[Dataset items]
+ + + + +

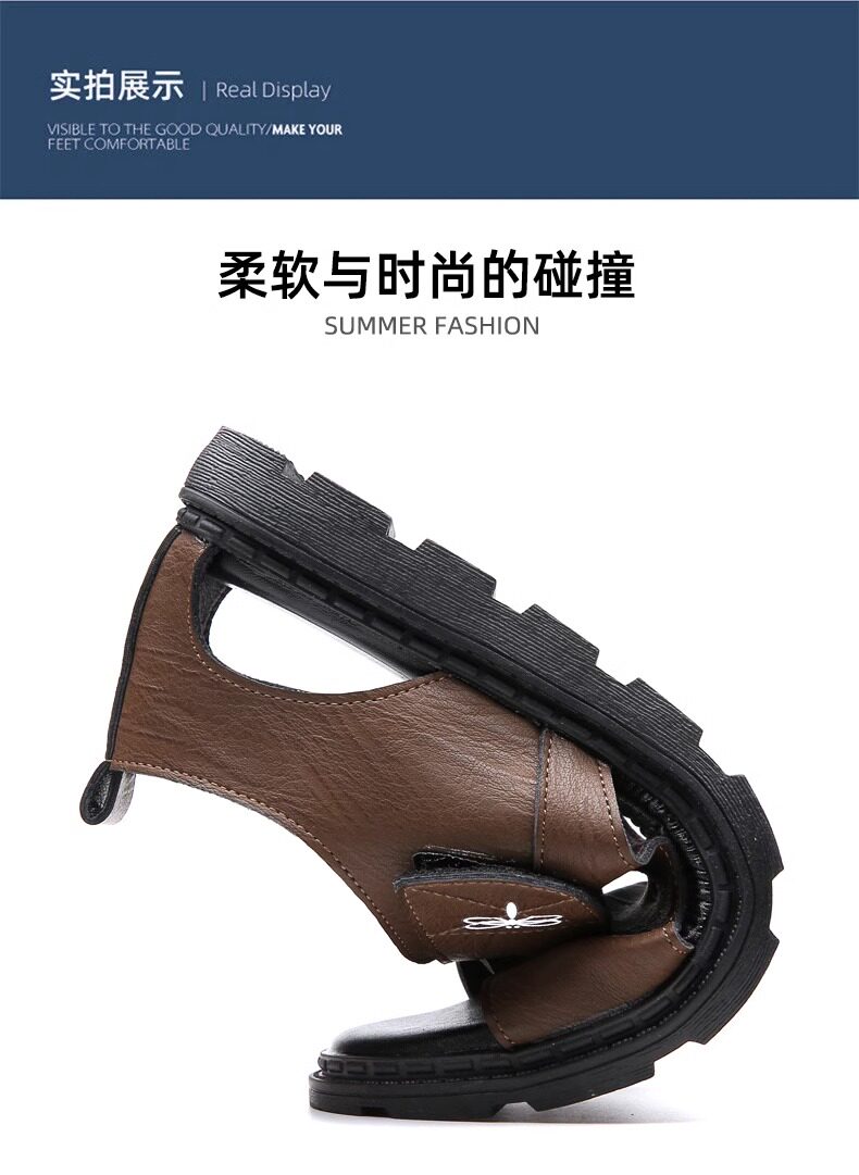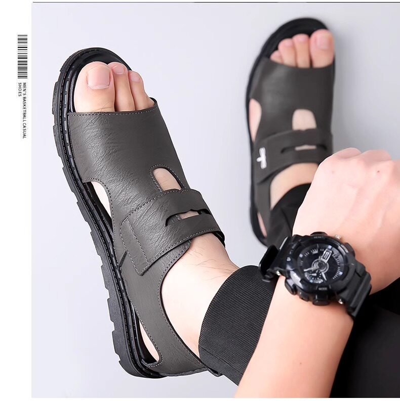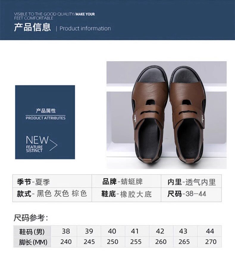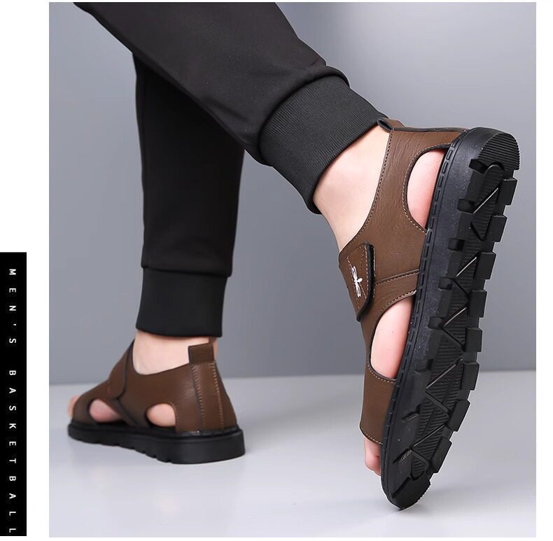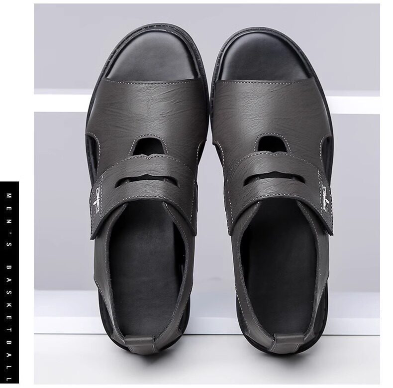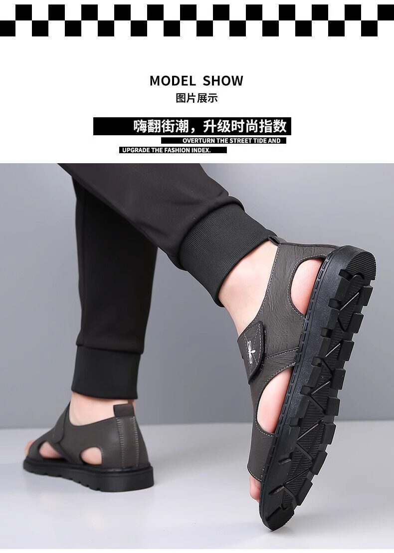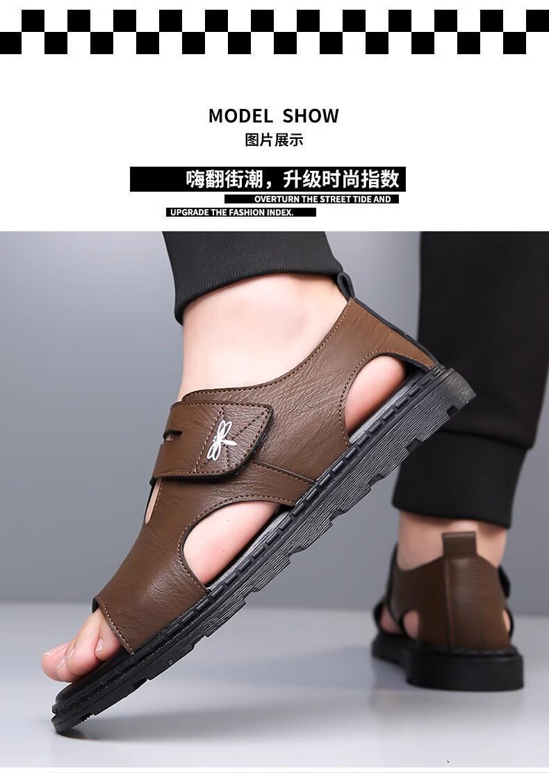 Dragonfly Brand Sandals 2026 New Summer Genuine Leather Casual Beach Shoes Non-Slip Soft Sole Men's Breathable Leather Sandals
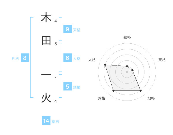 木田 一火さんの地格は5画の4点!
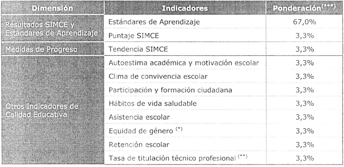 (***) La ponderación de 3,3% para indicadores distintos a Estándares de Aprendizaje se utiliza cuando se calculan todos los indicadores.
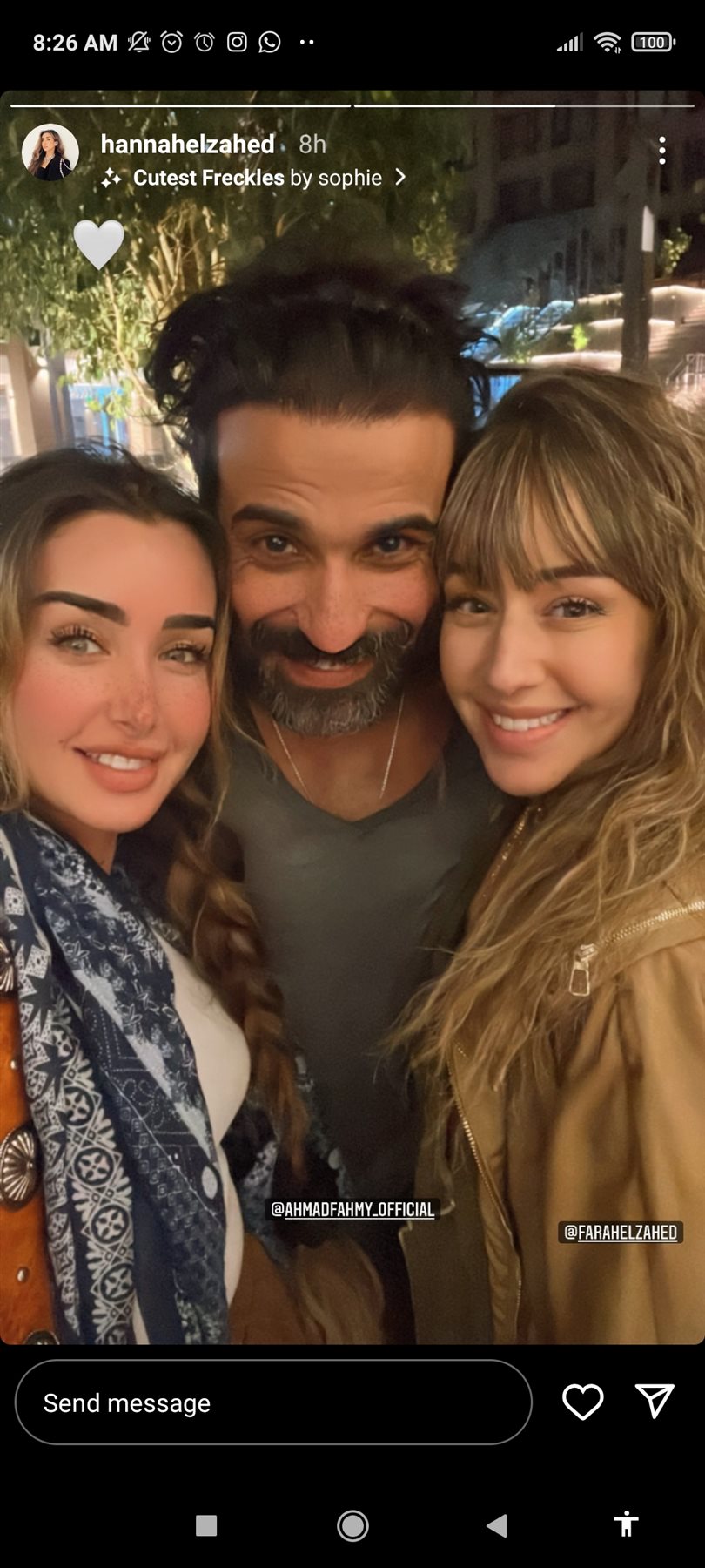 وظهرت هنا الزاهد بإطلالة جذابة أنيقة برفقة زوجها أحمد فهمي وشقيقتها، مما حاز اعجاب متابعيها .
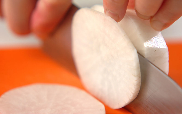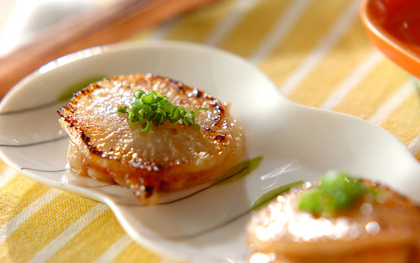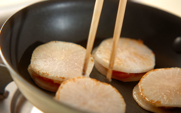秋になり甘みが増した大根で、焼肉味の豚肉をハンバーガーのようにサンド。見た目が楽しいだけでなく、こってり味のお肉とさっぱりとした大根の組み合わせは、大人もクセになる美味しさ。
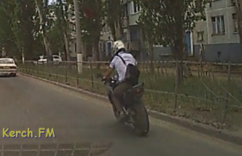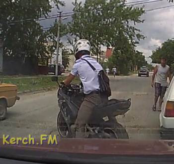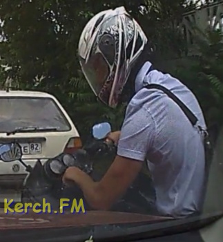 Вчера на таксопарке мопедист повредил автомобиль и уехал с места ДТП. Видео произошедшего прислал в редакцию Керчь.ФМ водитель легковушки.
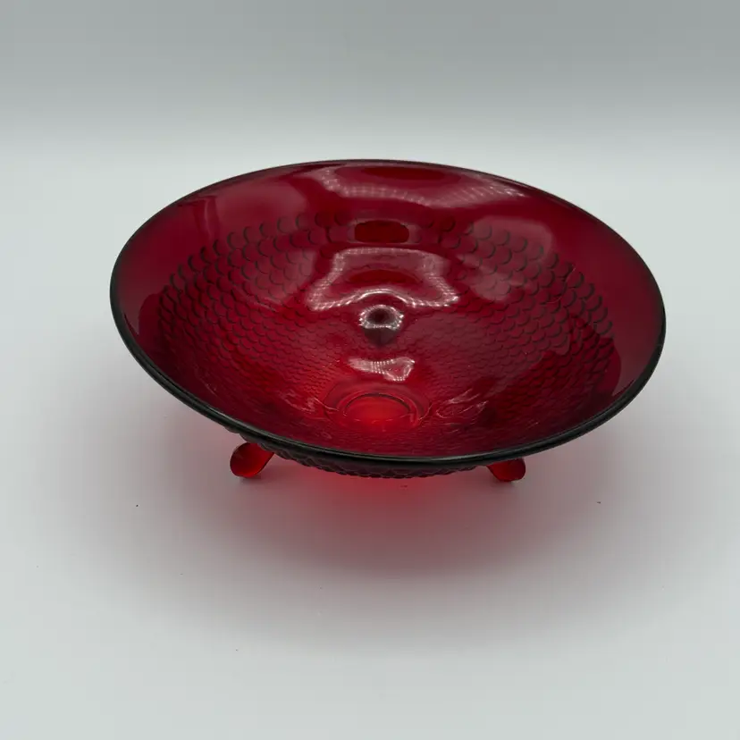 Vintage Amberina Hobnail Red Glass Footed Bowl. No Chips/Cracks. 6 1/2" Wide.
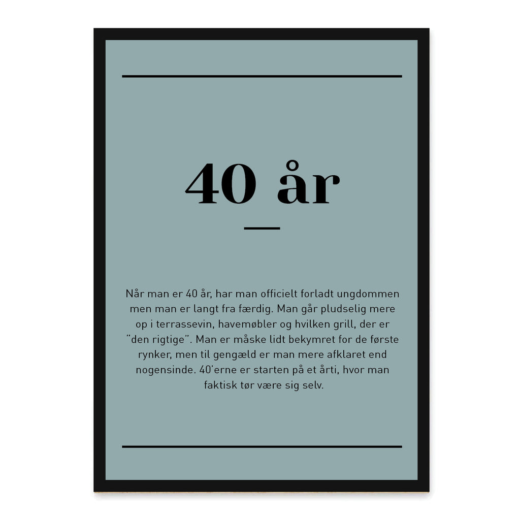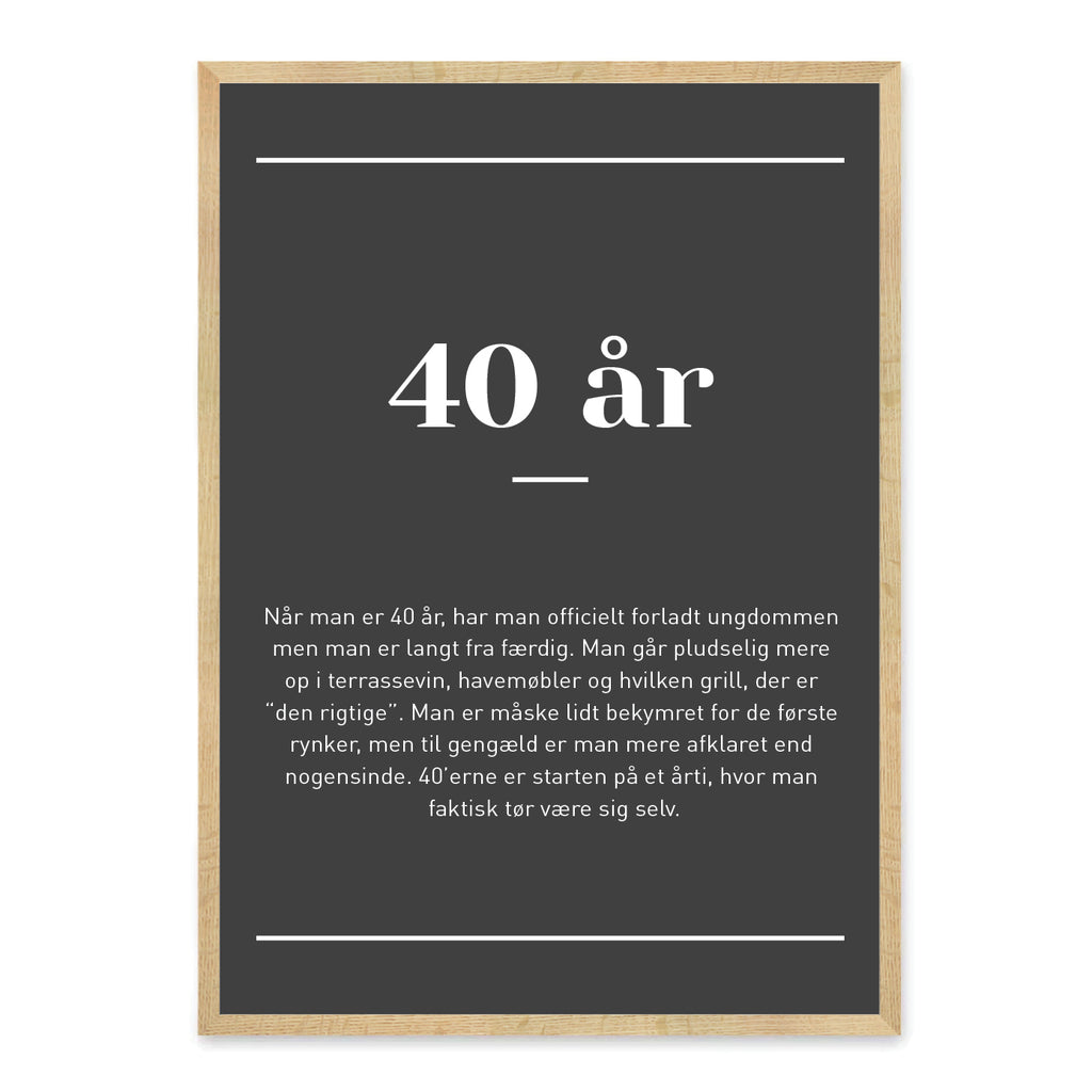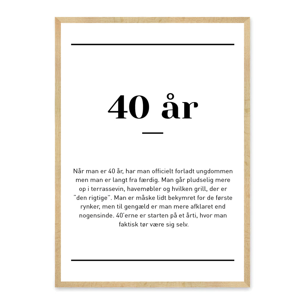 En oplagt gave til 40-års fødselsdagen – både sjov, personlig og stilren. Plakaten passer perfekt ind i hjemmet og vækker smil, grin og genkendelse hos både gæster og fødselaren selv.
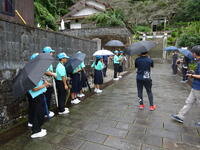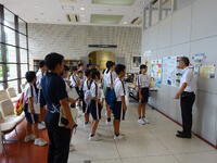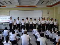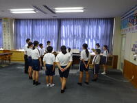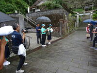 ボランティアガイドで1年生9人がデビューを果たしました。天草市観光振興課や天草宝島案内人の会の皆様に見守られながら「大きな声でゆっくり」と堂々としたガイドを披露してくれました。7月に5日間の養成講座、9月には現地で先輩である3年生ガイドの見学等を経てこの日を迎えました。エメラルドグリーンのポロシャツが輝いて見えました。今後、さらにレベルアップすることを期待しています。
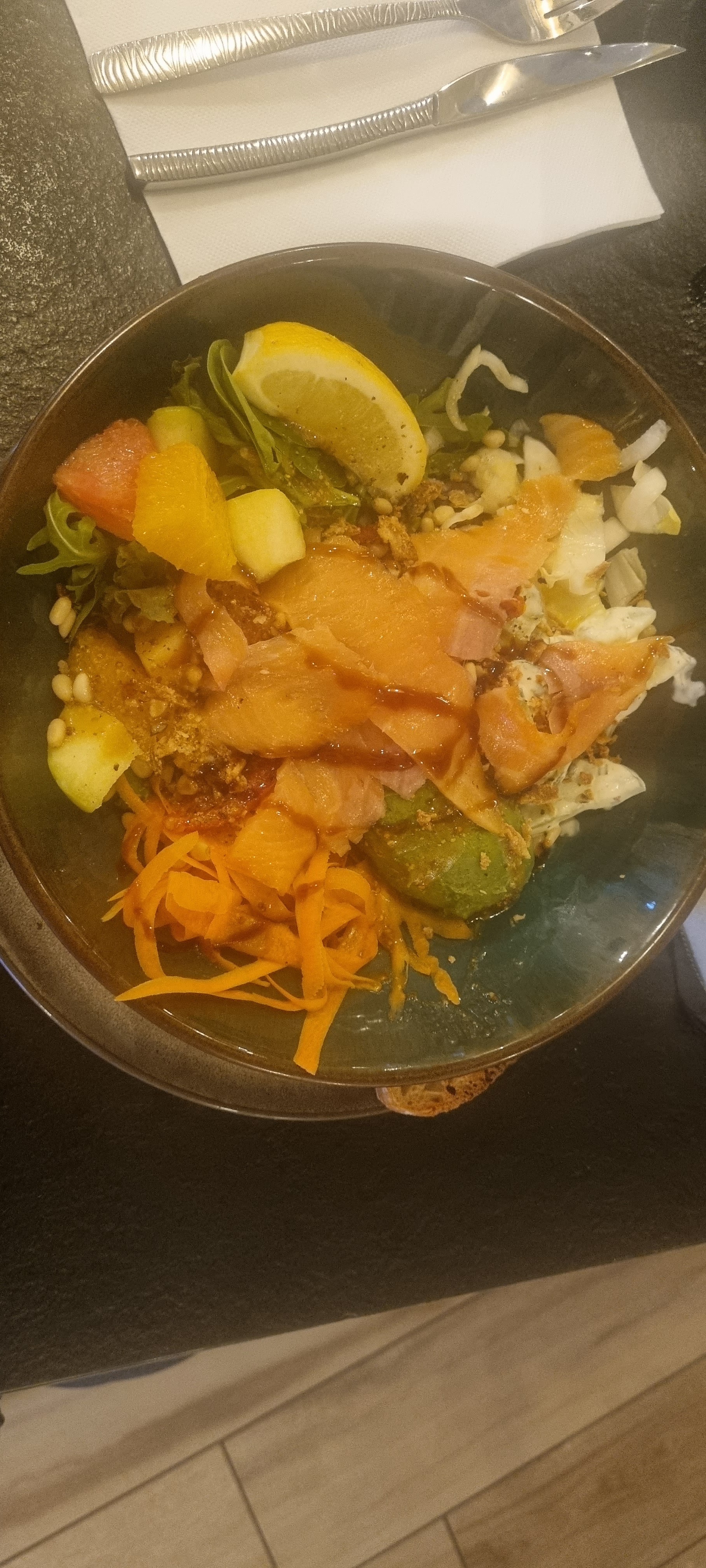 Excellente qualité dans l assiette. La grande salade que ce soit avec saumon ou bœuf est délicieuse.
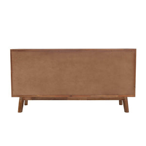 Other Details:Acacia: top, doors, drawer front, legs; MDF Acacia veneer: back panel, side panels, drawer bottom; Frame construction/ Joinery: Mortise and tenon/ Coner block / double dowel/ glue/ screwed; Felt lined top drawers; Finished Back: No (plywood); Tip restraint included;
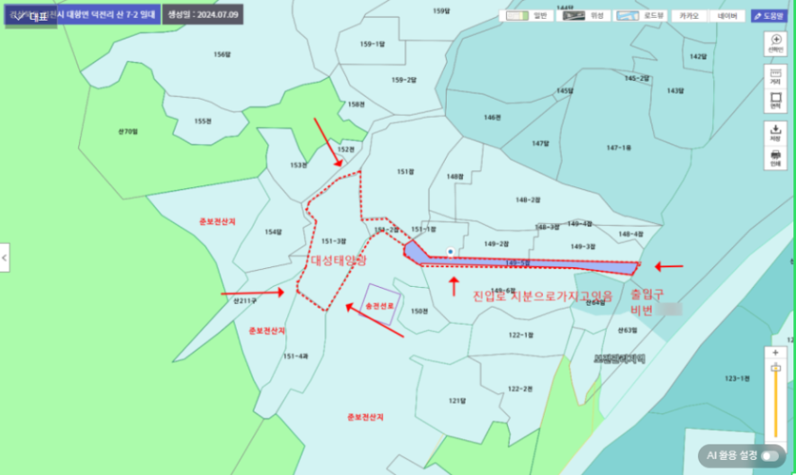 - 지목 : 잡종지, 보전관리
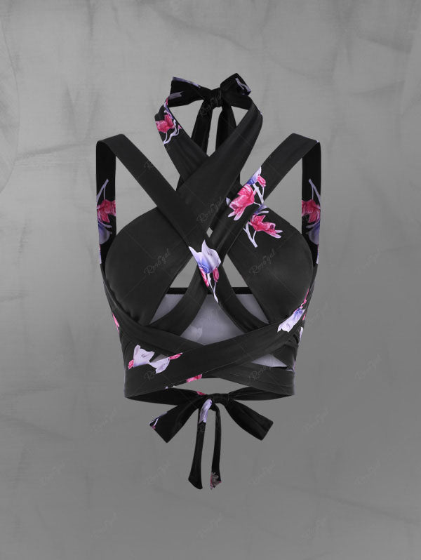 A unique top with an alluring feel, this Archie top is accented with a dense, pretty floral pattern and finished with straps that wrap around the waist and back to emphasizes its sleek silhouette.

+ + + + +

Although the records include pictures, output only their text, exactly and completely.

 Dragonfly Brand Sandals 2026 New Summer Genuine Leather Casual Beach Shoes Non-Slip Soft Sole Men's Breathable Leather Sandals
 木田 一火さんの地格は5画の4点!
 (***) La ponderación de 3,3% para indicadores distintos a Estándares de Aprendizaje se utiliza cuando se calculan todos los indicadores.
 وظهرت هنا الزاهد بإطلالة جذابة أنيقة برفقة زوجها أحمد فهمي وشقيقتها، مما حاز اعجاب متابعيها .
秋になり甘みが増した大根で、焼肉味の豚肉をハンバーガーのようにサンド。見た目が楽しいだけでなく、こってり味のお肉とさっぱりとした大根の組み合わせは、大人もクセになる美味しさ。
 Вчера на таксопарке мопедист повредил автомобиль и уехал с места ДТП. Видео произошедшего прислал в редакцию Керчь.ФМ водитель легковушки.
 Vintage Amberina Hobnail Red Glass Footed Bowl. No Chips/Cracks. 6 1/2" Wide.
 En oplagt gave til 40-års fødselsdagen – både sjov, personlig og stilren. Plakaten passer perfekt ind i hjemmet og vækker smil, grin og genkendelse hos både gæster og fødselaren selv.
 ボランティアガイドで1年生9人がデビューを果たしました。天草市観光振興課や天草宝島案内人の会の皆様に見守られながら「大きな声でゆっくり」と堂々としたガイドを披露してくれました。7月に5日間の養成講座、9月には現地で先輩である3年生ガイドの見学等を経てこの日を迎えました。エメラルドグリーンのポロシャツが輝いて見えました。今後、さらにレベルアップすることを期待しています。
 Excellente qualité dans l assiette. La grande salade que ce soit avec saumon ou bœuf est délicieuse.
 Other Details:Acacia: top, doors, drawer front, legs; MDF Acacia veneer: back panel, side panels, drawer bottom; Frame construction/ Joinery: Mortise and tenon/ Coner block / double dowel/ glue/ screwed; Felt lined top drawers; Finished Back: No (plywood); Tip restraint included;
 - 지목 : 잡종지, 보전관리
 A unique top with an alluring feel, this Archie top is accented with a dense, pretty floral pattern and finished with straps that wrap around the waist and back to emphasizes its sleek silhouette.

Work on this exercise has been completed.